Work order. Repeat the listing exactly. Pictures stay out of your copy.

--- Provided data ---

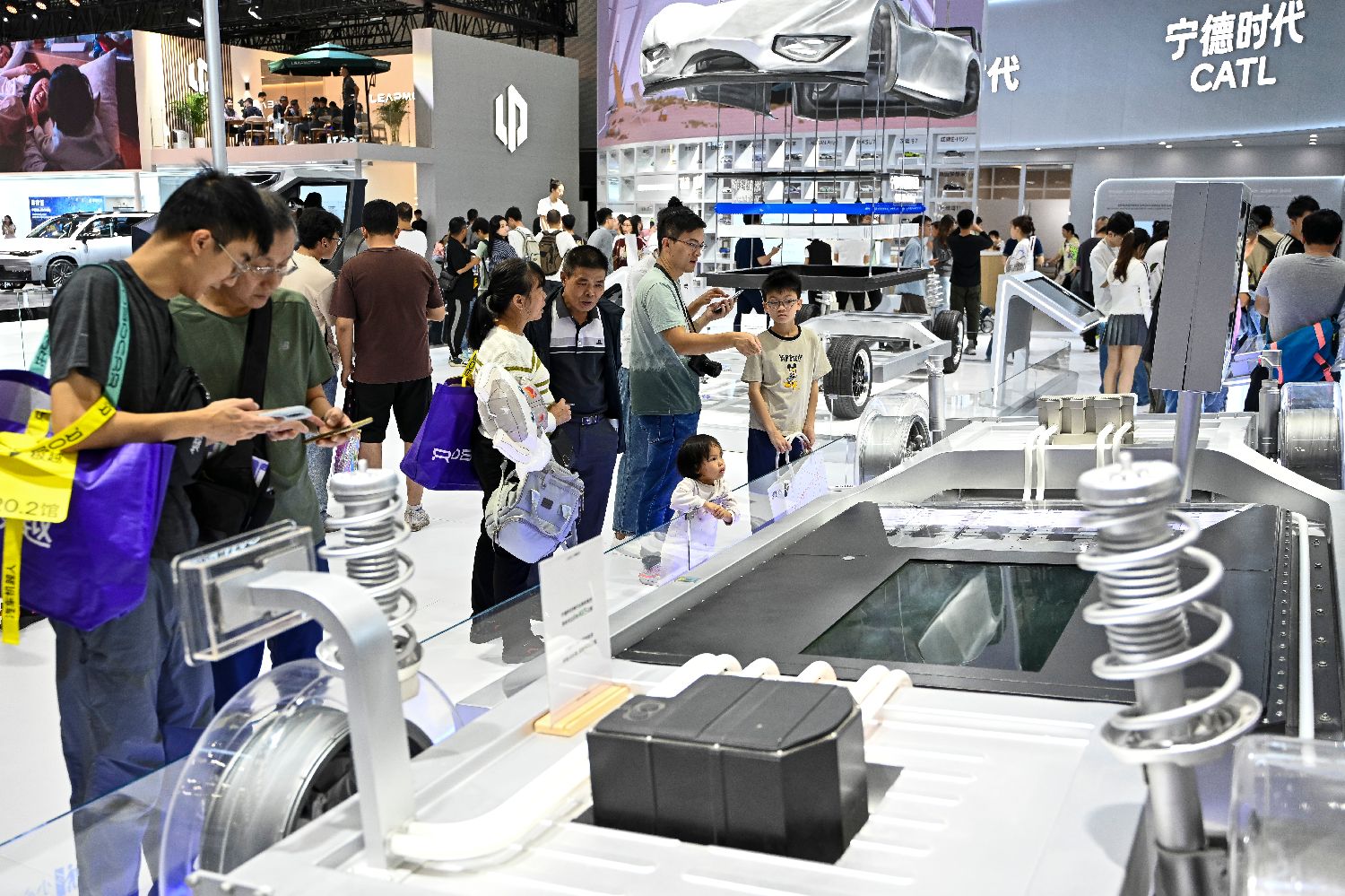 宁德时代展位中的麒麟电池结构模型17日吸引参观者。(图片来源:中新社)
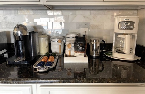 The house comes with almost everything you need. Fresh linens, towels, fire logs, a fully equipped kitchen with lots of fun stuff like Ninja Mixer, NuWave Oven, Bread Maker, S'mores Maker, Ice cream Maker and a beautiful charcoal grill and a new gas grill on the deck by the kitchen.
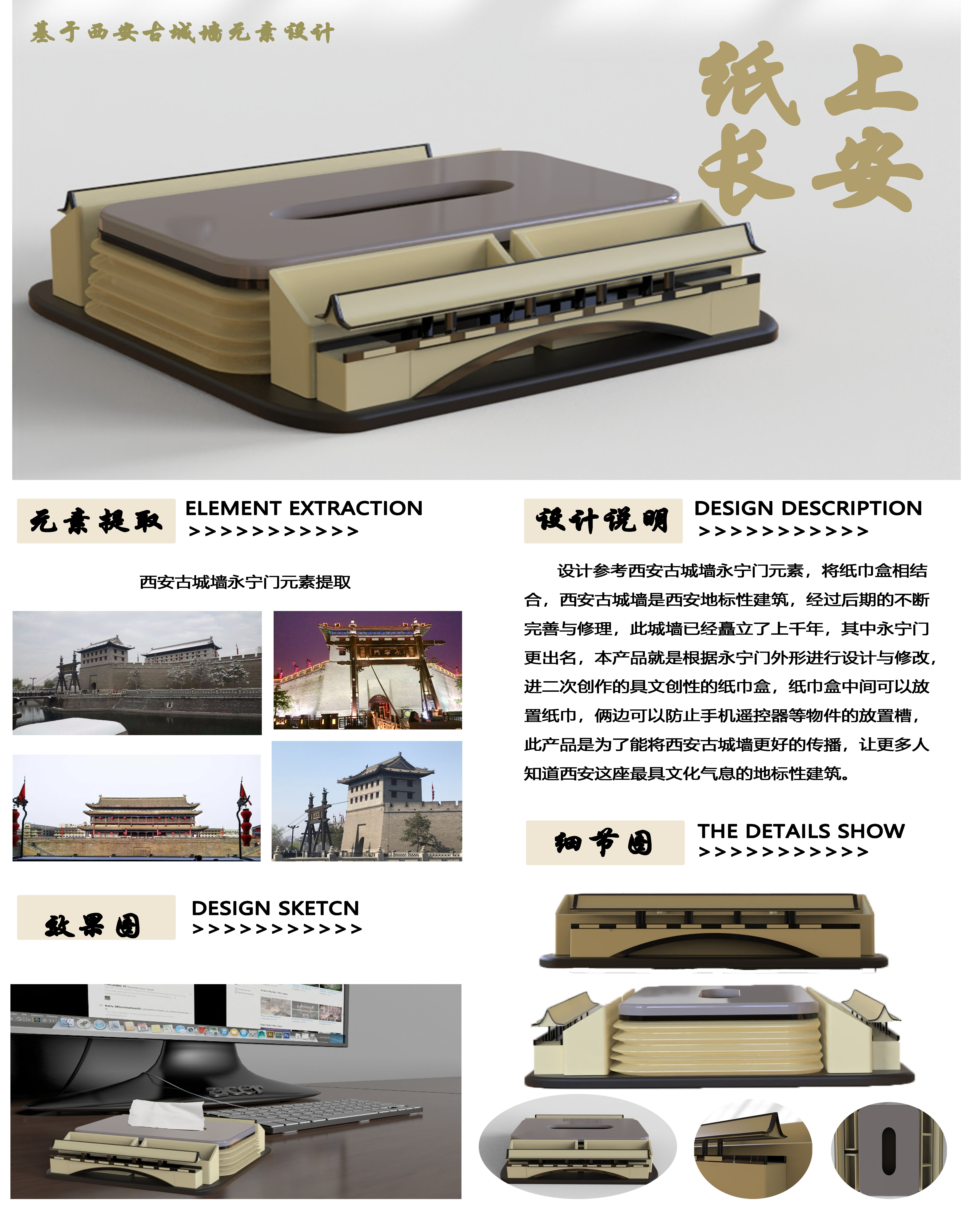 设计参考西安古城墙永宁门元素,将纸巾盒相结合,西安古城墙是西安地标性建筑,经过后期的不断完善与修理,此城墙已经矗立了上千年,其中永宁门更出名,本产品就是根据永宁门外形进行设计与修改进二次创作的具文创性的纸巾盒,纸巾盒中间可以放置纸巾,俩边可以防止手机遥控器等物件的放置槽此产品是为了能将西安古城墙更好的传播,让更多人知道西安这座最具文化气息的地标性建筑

---

Solution for this exercise.
 宁德时代展位中的麒麟电池结构模型17日吸引参观者。(图片来源:中新社)
 The house comes with almost everything you need. Fresh linens, towels, fire logs, a fully equipped kitchen with lots of fun stuff like Ninja Mixer, NuWave Oven, Bread Maker, S'mores Maker, Ice cream Maker and a beautiful charcoal grill and a new gas grill on the deck by the kitchen.
 设计参考西安古城墙永宁门元素,将纸巾盒相结合,西安古城墙是西安地标性建筑,经过后期的不断完善与修理,此城墙已经矗立了上千年,其中永宁门更出名,本产品就是根据永宁门外形进行设计与修改进二次创作的具文创性的纸巾盒,纸巾盒中间可以放置纸巾,俩边可以防止手机遥控器等物件的放置槽此产品是为了能将西安古城墙更好的传播,让更多人知道西安这座最具文化气息的地标性建筑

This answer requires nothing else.